In the early 1980s, Kight moved back to his hometown Columbus, Ohio, set up shop in his grandmother's basement and began building a business devoted to handling payments from consumers electronically.
Fast forward to the present: Kight's Atlanta-based company, Checkfree, now handles more than half of all electronic payments, generating more than $700 million in revenues. BusinessWeek Atlanta Bureau Chief Dean Foust talked to Kight on two occasions recently about his evolution from an admitted "anti-business" jock to one of the pioneers of electronic payments. Edited excerpts follow:
You went to California State University at Bakersfield. What was your major?
I left in '77. I was majoring in philosophy. I liked the opportunity to think as opposed to memorizing and repeating rote information. I argue today that it's a great major for entrepreneurs. At the time, though, I was just searching for a major that would also keep me eligible for the track team. I've joked that my real major was the pole vault. [Laughs].
But I dropped out my senior year when I snapped my hamstring and couldn't run track anymore. I was trying to fill the void of competing so I put on a track meet and held a weightlifting and bodybuilding competition. I rented an auditorium in Bakersfield. One of the people who came was the publisher of a fitness-based bodybuilding magazine. At the end of the day, he offered me a job as editor-in-chief of his magazine. So I took the editorship.
What was the magazine called? Tell us a little about it.
Muscle Digest. I tried to turn the magazine into more of an "everyman" fitness magazine. But I got to meet and become friends with a lot of bodybuilders. I enjoyed spending time and hanging out with Arnold Schwarzenegger. He was one of the most disciplined and aware people I've ever met.
I did that for two years. Then I was hired by the owner of a handful of health clubs [in Texas], to be general manager. State laws had changed the year before and had outlawed high-pressure sales techniques. That's why I was immediately looking for a different way to get payments from club members.
That's where you got the idea for a business that would handle payments electronically?
e just did the deal with a local bank. The health club bought an IBM 5120 and hired a programmer. We changed from charging $250 a year upfront to $75 down and $12 a month. We got a voided check from new members right on the spot, then hand-delivered a tape to the bank. In six months, the health club was profitable on the first day of every month. I said, "This is the business opportunity I'm looking for."
I moved back to Columbus, and set up an office in my grandmother's basement. I needed a place I could live for free. I had about $700 in my checking account when I pulled that U-Haul into her driveway. I didn't spend any money. She bought the food. My office was my late grandfather's workbench, with an old rotary phone.
But you needed a computer, right? How did you get access to one?
I didn't have a computer. But I convinced an apartment manager to let me use his computer if I put his apartments on automatic rent collection. It was an old IBM 5120, the first real tabletop computer. The local IBM office knew this guy who moonlighted as a programmer and he was between moonlighting jobs. I couldn't pay him very much. He was a chain smoker and drank Pepsi with caffeine pills. He programmed so fast if I wasn't there to tell him what I needed, he'd go off in a different direction.
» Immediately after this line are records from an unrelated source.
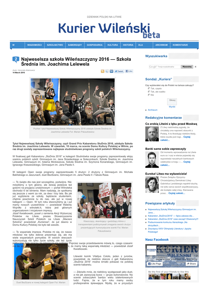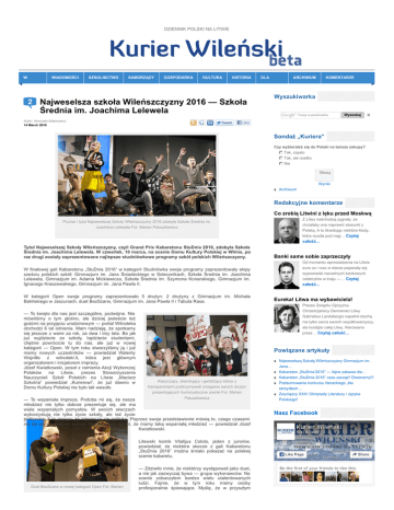 DZIENNIK POLSKI NA LITWIE W WIADOMOŚCI SZKOLNICTWO SAMORZĄDY GOSPODARKA KULTURA HISTORIA KRAJU DLA ARCHIWUM KOMENTARZE DZIECI 2 Najweselsza szkoła Wileńszczyzny 2016 — Szkoła Wyszukiwarka Średnia im. Joachima Lelewela Wyszukaj Autor: Honorata Adamowicz 14 March 2016 Sondaż „Kuriera” Czy wybierałeś się do Polski na tańsze zakupy? Tak, często Tak, ale rzadko Nie Głosuj Wyniki Archiwum Redakcyjne komentarze Co zrobią Litwini z lęku przed Moskwą Puchar i tytuł Najweselszej Szkoły Wileńszczyzny 2016 zdobyła Szkoła Średnia im. Joachima Lelewela Fot. Marian Paluszkiewicz Z Litwy nadchodzą sygnały, że chciałaby ona naprawić stosunki z Polską. A to likwidując niektóre kłody, które rzuciła pod nogi… Czytaj całość... Tytuł Najweselszej Szkoły Wileńszczyzny, czyli Grand Prix Kabaretonu StuDnia 2016, zdobyła Szkoła Średnia im. Joachima Lelewela. W czwartek, 10 marca, na scenie Domu Kultury Polskiej w Wilnie, po raz drugi zostały zaprezentowane najlepsze studniówkowe programy szkół polskich Wileńszczyzny. W finałowej gali Kabaretonu „StuDnia 2016” w kategorii Studniówka swoje programy zaprezentowały ekipy sześciu polskich szkół: Gimnazjum im. Jana Śniadeckiego w Solecznikach, Szkoła Średnia im. Joachima Lelewela, Gimnazjum im. Adama Mickiewicza, Szkoła Średnia im. Szymona Konarskiego, Gimnazjum im. Ignacego Kraszewskiego, Gimnazjum im. Jana Pawła II. W kategorii Open swoje programy zaprezentowało 5 drużyn: 2 drużyny z Gimnazjum im. Michała Balińskiego w Jaszunach, duet BezSzans, Gimnazjum im. Jana Pawła II i Tabula Rasa. — To święto dla nas jest szczególne, podwójne. Nie mówiliśmy o tym głośno, ale dzisiaj jesteście też gośćmi na przyjęciu urodzinowym — portal Wilnoteka obchodzi 6 lat istnienia. Mam nadzieję, że spotkamy się jeszcze z wami za rok, za dwa i trzy lata. Bo jak już wyjdziecie ze szkoły, będziecie studentami, chętnie powrócicie tu do nas, ale już w nowej kategorii — Open. W tym roku stworzyliśmy ją i już mamy nowych uczestników — powiedział Walenty Wojniłło z wilnoteki.lt, która jest głównym organizatorem i inicjatorem imprezy. Józef Kwiatkowski, poseł z ramienia Akcji Wyborczej Polaków na Litwie, prezes Stowarzyszenia Nauczycieli Szkół Polskich na Litwie „Macierz Szkolna” powiedział „Kurierowi”, że już dawno w Domu Kultury Polskiej nie było tak wesoło. Od momentu wprowadzenia na Litwie euro co i rusz w eterze pojawiały się wypowiedzi naczelnych bankowych celebrytów w kraju —… Czytaj całość... Eureka! Litwa ma wybawiciela! Prezes Związku OjczyznyChrześcijańscy Demokraci Litwy Gabrielius Landsbergis napełnił otuchą nie tylko serca swoich współtowarzyszy, ale bodajże całej Litwy. Kierowana przez… Czytaj całość... Powiązane artykuły Klaszczący, skandujący i gwiżdżący kibice z transparentami podtrzymywali zmagania swoich drużyn prezentujących humorystyczne scenki Fot. Marian Paluszkiewicz — To wspaniała impreza. Podoba mi się, że nasza młodzież nie tylko dobrze prezentuje się, ale ma wiele wspaniałych pomysłów. W swoich skeczach wykorzystują nie tylko życie szkoły, ale też życie polityczne. A to znaczy, że interesują się polityką. Poprzez swoje przedstawienie mówią to, czego czasami nie da się powiedzieć wprost. Możemy być dumni, że mamy taką wspaniałą młodzież — powiedział Józef Kwiatkowski. Litewski komik Vitalijus Cololo, jeden z jurorów, powiedział, że niektóre skecze z gali Kabaretonu „StuDnia 2016” można śmiało pokazać na polskiej scenie kabaretu. Duet BezSzans w nowej kategorii Open Fot. Marian Banki same sobie zaprzeczyły — Zdziwiło mnie, że niektórzy występowali jako duet, a nie jak zazwyczaj bywa — grupa wykonawców. Na scenie zobaczyłem bardzo wielu utalentowanych ludzi. Fajnie, że w tym roku mamy osoby profesjonalnie śpiewające. Myślę, że w przyszłym Najweselszą Szkołą Wileńszczyzny Gimnazjum im. Jana… Kabareton „StuDnia’2015” ― fajna zabawa dla… Kabareton „StuDnia 2016” czas zacząć! Otwieramy!!! Podsumowanie konkursu literackiego „Na skrzydłach… Zwycięzcy XXIV Olimpiady Literatury i Języka Polskiego! Nasz Facebook Kurier Wileński 8,414 likes Like Page Be the first of your friends to like this Share Paluszkiewicz roku podczas oceniania można będzie dodatkowo dodawać punkty za śpiewanie. Polskie talenty na Litwie — to bardzo dobrze. W porównaniu z ubiegłym rokiem, stopień występów jest wyższy, co bardzo cieszy — powiedział „Kurierowi” Vitalijus Cololo. Popisy drużyn oceniali jurorzy: Walenty Wojniłło z wilnoteki.lt, piosenkarka Katarzyna Zvonkuvienė, komik Vitalijus Cololo, Kazimierz Karpicz, dyrektor Muzeum Pałacu Balińskich w Jaszunach, przedstawiciel „Macierzy Szkolnej” i Witold Rudzianiec, właściciel kawiarni „Sakwa”, aktor Polskiego Studia Teatralnego w Wilnie. Nagrodę II stopnia zdobyło Gimnazjum im. Adama Mickiewicza Fot. Marian Paluszkiewicz Reklama Komisja oceniająca zgodnie przyznała, że wszystkie występy były na wysokim poziomie i bardzo trudno było wybrać najlepsze. Tytuł Najweselszej Szkoły Wileńszczyzny, czyli Grand Prix Kabaretonu StuDnia 2016 przyznano Szkole Średniej im. Joachima Lelewela. Kabareciarze przypomnieli w swoim skeczu historię Igora Mołotkowa, który policjantom ukradł kałasznikowa i postawił na nogi całe Wilno. Jury przyznało też dwie równoległe nagrody I stopnia dla Gimnazjum im. Jana Pawła II i Gimnazjum im. Ignacego Józefa Kraszewskiego. Nagrodę II stopnia zdobyło Gimnazjum im. Adama Mickiewicza. — To wspaniała zabawa! Cieszymy się z II miejsca, oczywiście chcieliśmy zwyciężyć. Ale nie tylko to jest ważne. Jesteśmy szczęśliwi, że mogliśmy wspólnie zrobić coś, być może ostatni raz. W swoim kabarecie chcieliśmy przedstawić swoich nauczycieli. Mamy nadzieję, że nie obrażą się na nas… Cieszymy się też, 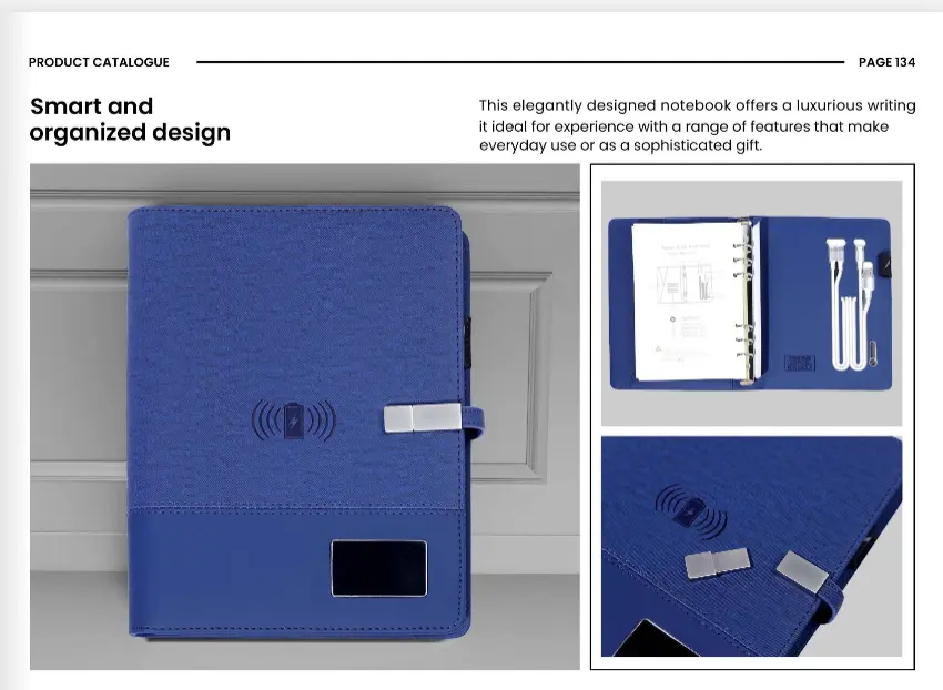 دفتر عملي بتصميم أنيق، مزوّد بخيارات ذكية مثل الشحن اللاسلكي وتنظيم الأدوات، ليكون هدية مثالية للاستخدام اليومي.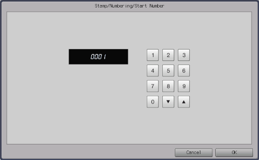 Touch panel - [MACHINE] - [JOB LIST] - [Hold Job] - [Page Edit] - [Job Ticket Edit] - [Stamp Numbering] - [Start Number] | |||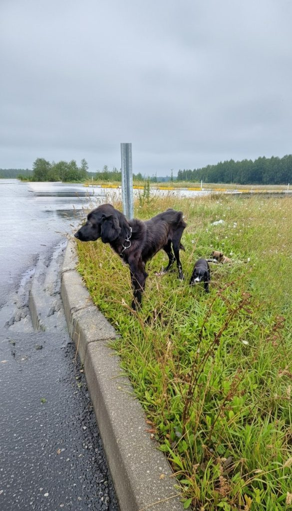 In that moment, a dog who had been abandoned, tied in the rain, and left to die chose to become a mother again.

We worked in a basement for seven months. I joked that between that and my grandmother's basement, I never knew what the weather was like in Columbus.
I ran the thing [myself] for the first two years. Then I hired a part-time clerk to help me with data entry. We had several dozen health clubs on the system. I just never spent any money until I had it, so we couldn't expand rapidly. But we had cash flow, so I went to venture capitalists to raise money in '83 and '84. We got turned down 30-some times. Most VCs didn't understand it at all. I still remember a venture capitalist turning me down, and I saw the memo he wrote: "Interesting start-up company by a broken-down ex-jock." [Laughs.]
An attorney in Columbus put us in front of three insurance companies. They understood exactly what we were doing. We did a $3 million deal that carried us up all the way to '88-'89 when we launched our consumer-PC-based business.
What was your real competitive advantage?
It wasn't so much technology as it was just seeing the opportunity and getting there first. But we designed bill pay for the consumer. Banks were trying to design it for the banks.
What kind of reception did you get from banks and other payees? Wasn't the dirty secret in those early days that bill-pay companies like yours were really having to make the payments with paper checks?
We were paying a lot of companies with paper checks. We'd call American Express and say, "You need to let us build an electronic [connection] to your computers." And they said, "Not a chance. You're the 15th institution to tell us the 'checkless society' is around the corner. They were wrong. And who are you?"
At that point we had a couple hundred payments going every day to MCI, AT&T, and others. At one point, we had three post office bags of envelopes we were sending every day to American Express. We tried to eventually build up enough "paper pain." The "paper pain" theory eventually did work.